Are women afraid to lead by themselves?
When you first start out, you have no idea. It doesn't matter whether you have been in business for one year or twenty. Starting off a business means that you have to cover business planning, marketing, human resources, accounting, legal and corporate governance - all at the same time, with limited resources available to you.
It's frightening to start off a business. It's ten times more terrifying when you make the brave decision to go it alone. No business partner. No life partner. Just you. Every single decision is yours to make, and yours to fall on the sword by. What's even more fascinating is the fact that when you fail, it's all your fault, and when you succeed, the credit must go to everyone. Learning to put ego and ownership aside is one of the first things every female entrepreneur needs to be work out. Basically, leave it at the door, and that will be one less thing you have to worry about.

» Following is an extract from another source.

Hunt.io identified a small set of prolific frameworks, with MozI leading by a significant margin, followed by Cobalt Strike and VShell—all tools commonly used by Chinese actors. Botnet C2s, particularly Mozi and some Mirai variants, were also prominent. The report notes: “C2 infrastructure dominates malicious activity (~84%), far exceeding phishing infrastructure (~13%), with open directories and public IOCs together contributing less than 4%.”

The highs and lows are like being on a permanent rollercoaster and for the seasoned professionals, you know that every time you don't have a bump, you need to savour the moment. It will come again and again and at some stage you will build resilience and become stronger.

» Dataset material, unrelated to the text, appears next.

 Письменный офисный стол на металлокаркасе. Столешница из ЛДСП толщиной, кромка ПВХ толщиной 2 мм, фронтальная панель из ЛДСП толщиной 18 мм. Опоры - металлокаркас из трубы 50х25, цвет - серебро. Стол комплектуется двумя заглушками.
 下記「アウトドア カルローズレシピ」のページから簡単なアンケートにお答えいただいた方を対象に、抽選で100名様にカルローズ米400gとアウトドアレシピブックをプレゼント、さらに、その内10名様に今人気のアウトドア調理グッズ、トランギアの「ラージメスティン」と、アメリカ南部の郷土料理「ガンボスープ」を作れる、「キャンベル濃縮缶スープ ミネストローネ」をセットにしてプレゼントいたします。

The interesting fact about women is that few make it to the top. Perhaps they are not stupid enough to run a successful business by themselves without a partner, investor, or someone to go home to at night and discuss what happened that day. I personally cannot think of anyone who is self-made that falls into this category, but I am sure there are thousands out there, who don't share their story. Let's face it, sometimes telling the story comes with embarrassment.
What I have noticed only by observation is that women look to make the leap with others because sometimes its better in two's or three's, and other times they realise that to do it by themselves they "could" fail because they don't trust that they have the ability to go it alone.

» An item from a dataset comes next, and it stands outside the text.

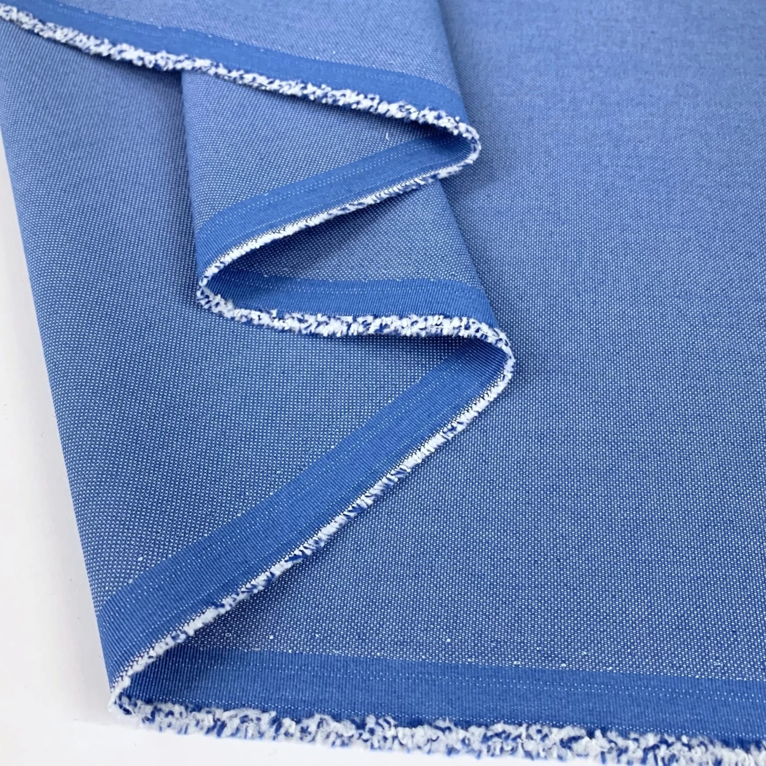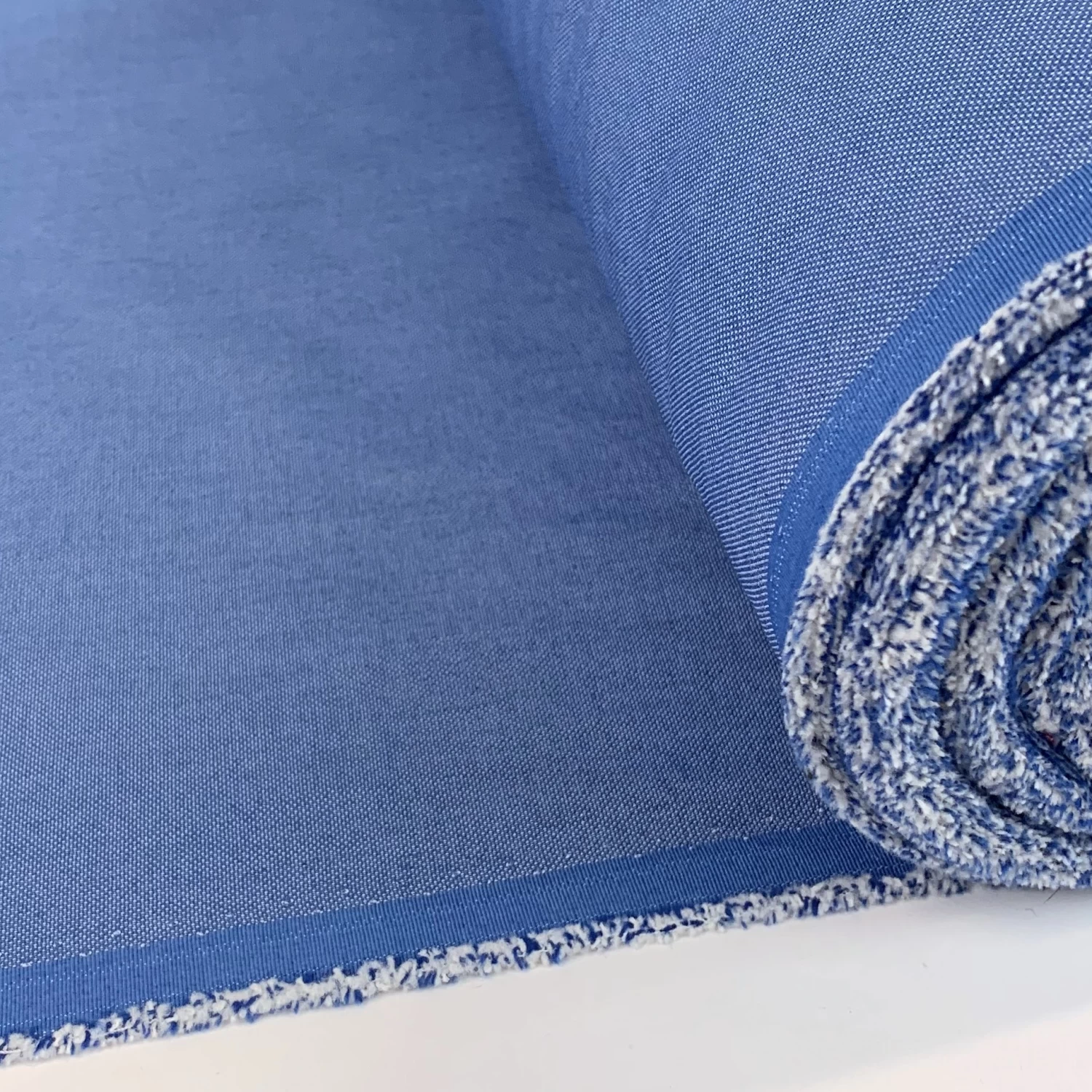 | Woven stretch chino trouser fabric in a mix of yarns so it reduces creasing cotton rich with polyester, this fabric will be cool to wear & easy to care for as the polyester reduces drying time and ironing time. This is almost a chambray with it’s mix of bright blue and white yarns it is a unique cloth. The small amount elastane just gives you that little bit of movement. This is a soft fabric and can be made into trousers, jackets, shorts, skirts & jackets. | |

Trust yourselfQuite simply, trusting ourselves and believing in ourselves is the biggest issue we face. Not men. Yes, I said, "Not men" because it is so easy to blame men and a so-called glass ceiling on why we don't acheive our goals, but the truth of the matter is that in the western world there has never been a better time to be a woman.
While I never use this card, I know that the excuses women make for not 'making it' are not real. Men don't stop us. We live in a world that is pro women.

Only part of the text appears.